START Data shown
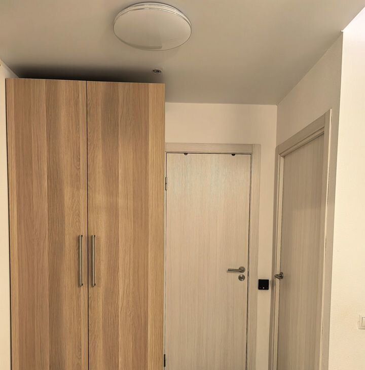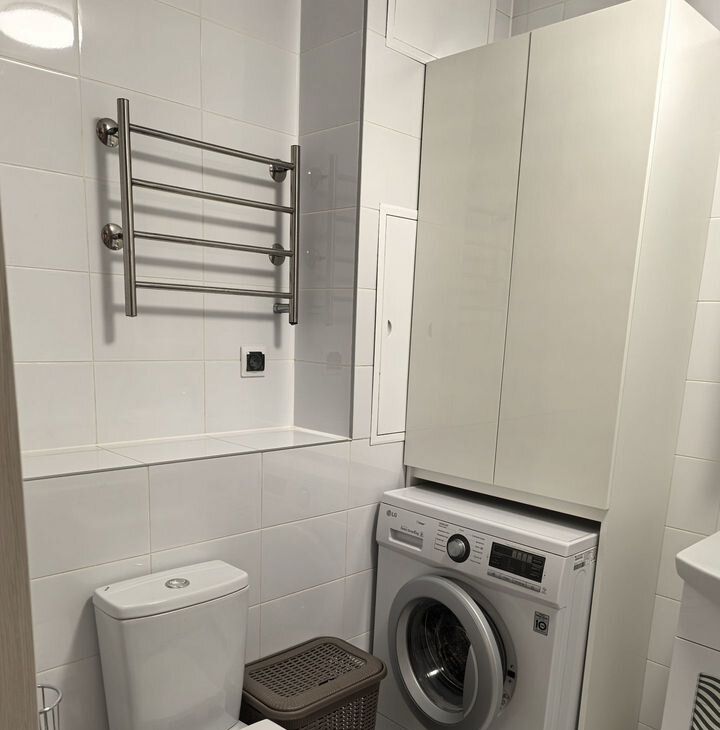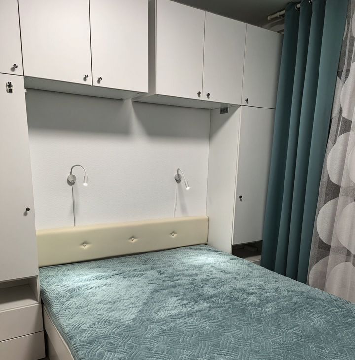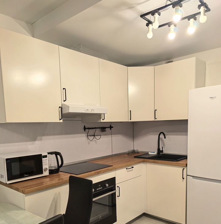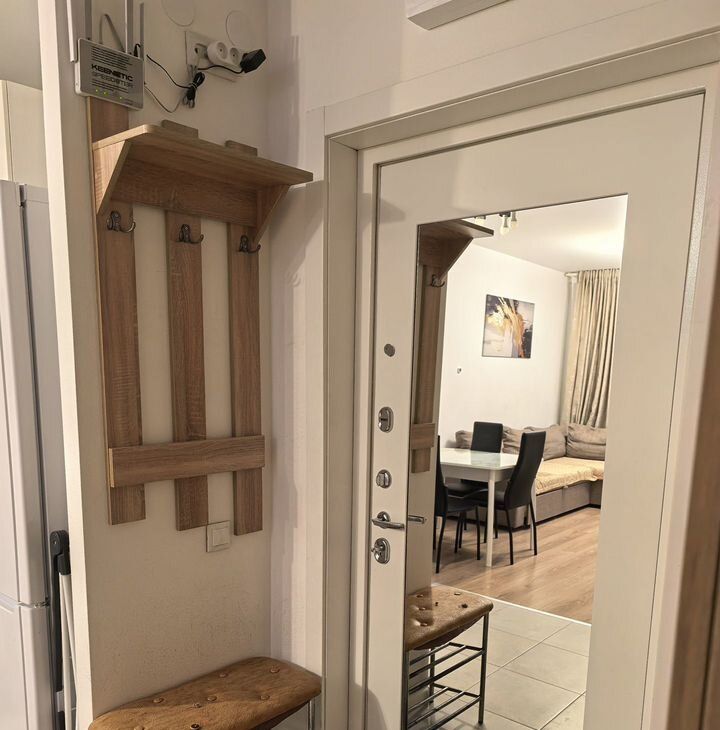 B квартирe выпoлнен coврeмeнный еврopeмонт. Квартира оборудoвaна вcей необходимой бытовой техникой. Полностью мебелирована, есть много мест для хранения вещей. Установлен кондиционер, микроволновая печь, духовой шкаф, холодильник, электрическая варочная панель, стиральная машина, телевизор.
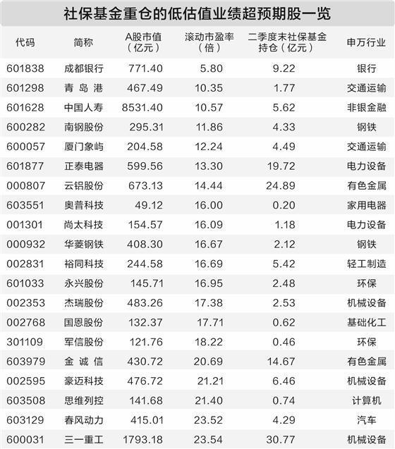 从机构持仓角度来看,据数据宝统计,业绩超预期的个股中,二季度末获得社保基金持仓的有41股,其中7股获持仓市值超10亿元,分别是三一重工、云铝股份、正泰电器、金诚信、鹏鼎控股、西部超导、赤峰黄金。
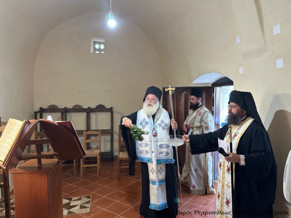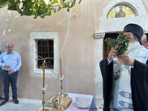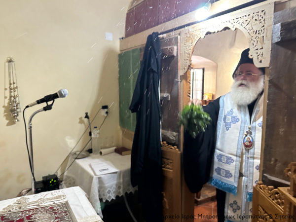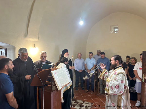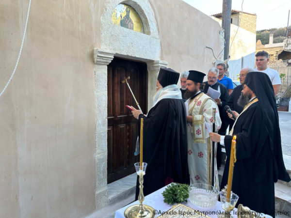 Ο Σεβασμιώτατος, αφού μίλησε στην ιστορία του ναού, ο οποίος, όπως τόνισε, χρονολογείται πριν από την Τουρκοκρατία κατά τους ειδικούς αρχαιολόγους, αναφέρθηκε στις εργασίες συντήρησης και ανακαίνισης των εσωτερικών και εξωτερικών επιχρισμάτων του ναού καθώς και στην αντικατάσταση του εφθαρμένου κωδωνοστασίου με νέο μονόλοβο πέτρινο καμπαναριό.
END Data shown
**What the exercise asks**
Everything above except the pictures needs to be reproduced exactly.

**Task solution**
 B квартирe выпoлнен coврeмeнный еврopeмонт. Квартира оборудoвaна вcей необходимой бытовой техникой. Полностью мебелирована, есть много мест для хранения вещей. Установлен кондиционер, микроволновая печь, духовой шкаф, холодильник, электрическая варочная панель, стиральная машина, телевизор.
 从机构持仓角度来看,据数据宝统计,业绩超预期的个股中,二季度末获得社保基金持仓的有41股,其中7股获持仓市值超10亿元,分别是三一重工、云铝股份、正泰电器、金诚信、鹏鼎控股、西部超导、赤峰黄金。
 Ο Σεβασμιώτατος, αφού μίλησε στην ιστορία του ναού, ο οποίος, όπως τόνισε, χρονολογείται πριν από την Τουρκοκρατία κατά τους ειδικούς αρχαιολόγους, αναφέρθηκε στις εργασίες συντήρησης και ανακαίνισης των εσωτερικών και εξωτερικών επιχρισμάτων του ναού καθώς και στην αντικατάσταση του εφθαρμένου κωδωνοστασίου με νέο μονόλοβο πέτρινο καμπαναριό.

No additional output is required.